Oreos, Cocaine and our Appetite for False Reporting

by Laura Creedon

Media, News, PR

This week news media was abuzz with provocative headlines about Oreos being more addictive than cocaine. Stories about the Connecticut College study were reported widely by North American media outlets before igniting social networks like wildfire. Then, almost as quickly as the story had been published, a closer reading showed the headlines were half-baked.

With our demand to have breaking news at our fingertips, the up-to-the-minute pace of reporting these days will inevitably lead to mistakes. But there is a flipside. As Mark Jurkowitz, Associate Director of the Project for Excellence in Journalism explains, “There is a self-correcting mechanism in journalism that’s quicker than it’s ever been.” In this article about how media got the Boston Marathon bombings wrong, he argues erroneous reporting therefore matters less than ever.

In honour of the Oreo’s sudden notoriety, here is a roundup of major media guffaws. Would you have second guessed these stories? Were you, like so many, complicit in spreading them? And how do you respond to media outlets in search of absolution? Erroneous reporting may matter less than ever, but it still matters.

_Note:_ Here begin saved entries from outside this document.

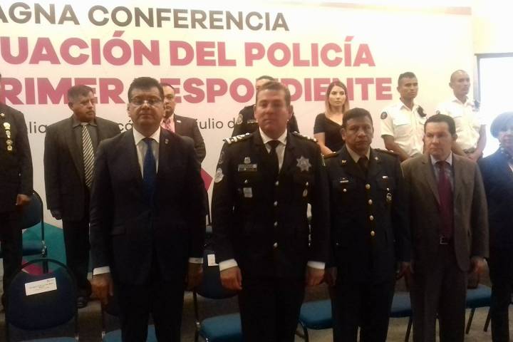 El director general del IEESSPP, Antonio Bernal Bustamante, acompañado del director de Desarrollo Policial de la SSP, Xavier Cahe... Ver más...
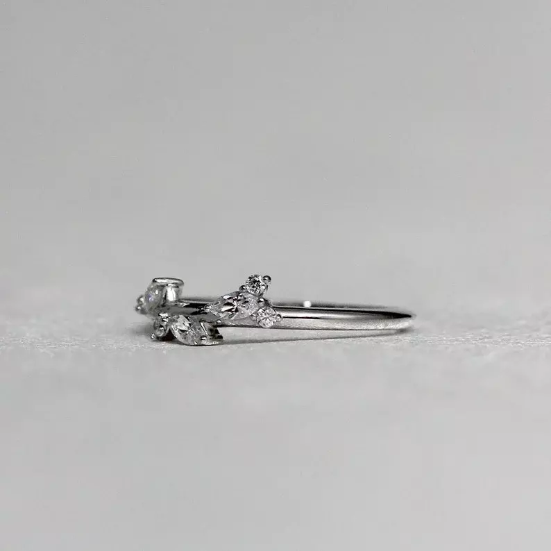 Nature Leafy Vine Ring Art Deco Wedding Ring Marquise and Dot Band Ring Nature Inspired Ring Vine Band Ring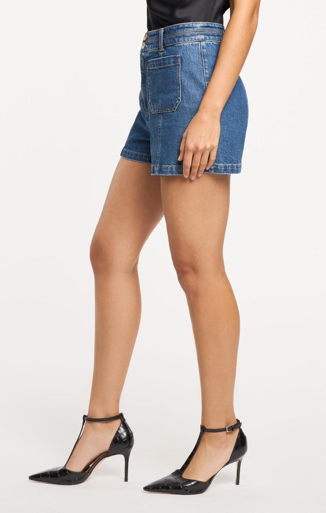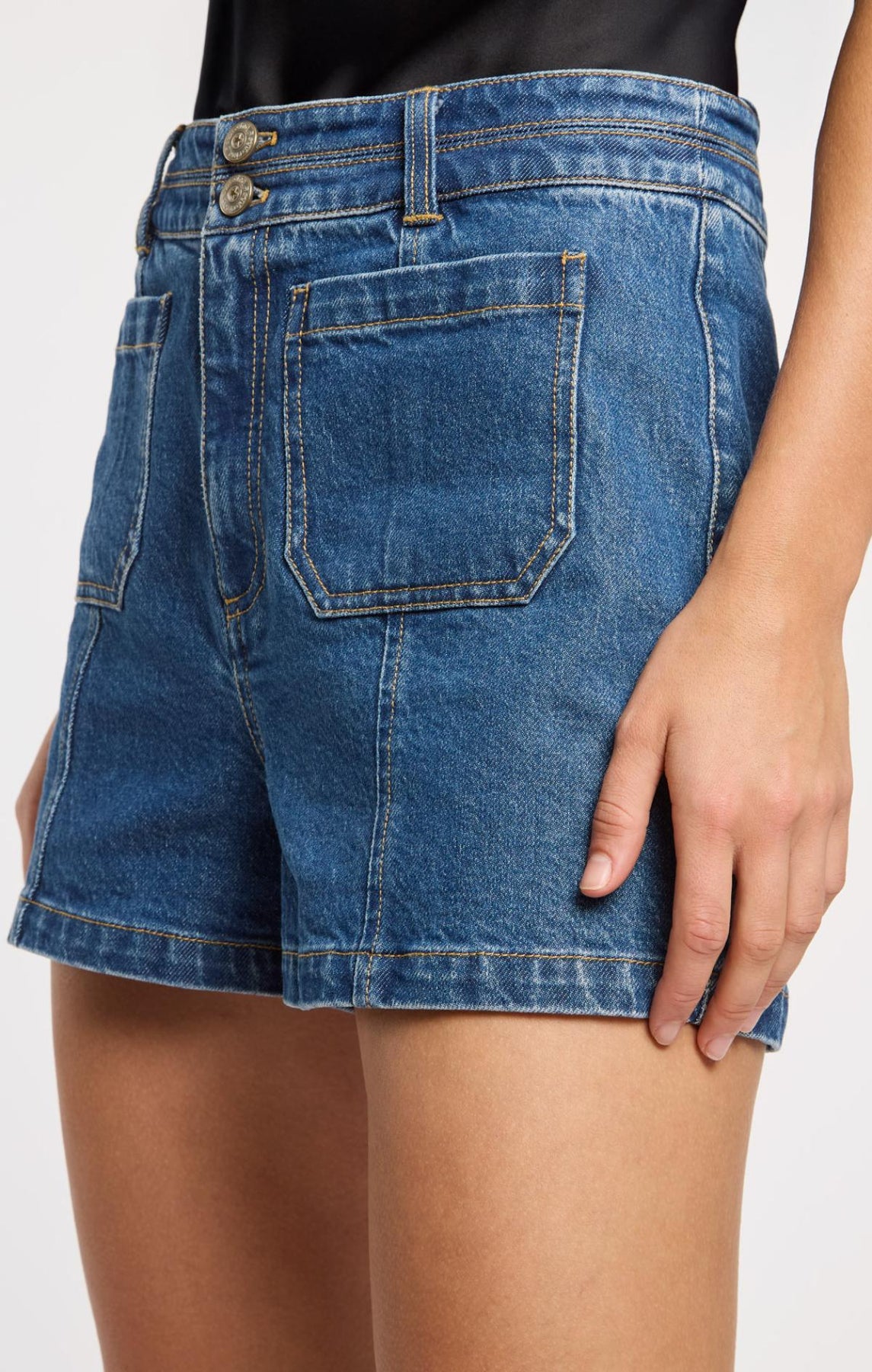 The Dorothea Jean Short brings timeless appeal to your sunny-day rotation. Designed with practical front patch pockets and a polished double-button closure, this denim short offers effortless sophistication for warm weather styling.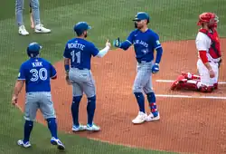 From June 30 to July 3, the Blue Jays won all four games against the New York Yankees at home and by doing so, overtook them for first place in the AL East.[12] On July 21, the Blue Jays set a franchise record by winning their 11th straight game at home, beating the Yankees in the first game of another three-game set against them.[13]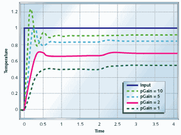 Figure 10 shows what happens when you use pure proportional feedback with the temperature controller. I'm showing the system response with a disturbance due to a change in ambient temperature at t = 2s. Even without the disturbance you can see that proportional control doesn't get the temperature to the desired setting. Increasing the gain helps, but even with kp = 10 the output is still below target, and you are starting to see a strong overshoot that continues to travel back and forth (this is called ringing).

The Boston Bombing – Last April, numerous US media outlets received a hand slapping from FBI agents for erroneously reporting that an arrest was made in the Boston marathon bombing. Following hundreds of inaccurate news reports, an FBI statement read, Since these stories often have unintended consequences, we ask the media, particularly at this early stage of the investigation, to exercise caution and attempt to verify information through appropriate official channels before reporting.”

Similarly inaccuracies followed the Sandy Hook Massacre. Business Insider called out some of the worst in this article. Cases like these can have obvious and severe consequences beyond eroding a media outlet’s credibility.

Rotten News for BlackBerry –Shortly after launching the BlackBerry Z10 smartphone, Blackberry was forced to contest a “false and misleading report” on high retail return rates. BlackBerry Chief Legal Officer Steve Zipperstein cautioned, “Everyone is entitled to their opinion about the merits of the many competing products in the smartphone industry, but when false statements of material fact are deliberately purveyed for the purpose of influencing the markets a red line has been crossed.”

Sloppy Science – Oreo addiction isn’t an isolated example of false or misleading news. This CBC blog post looks at how often incorrect or misleading science makes the headlines. “We, in the media, make a big deal over a new research finding, but when it turns out to be less exciting, or even wrong after future research, we don’t tend to report that.” Surprising results are far sexier than confirming the expected – and no one wants to admit they didn’t do their homework.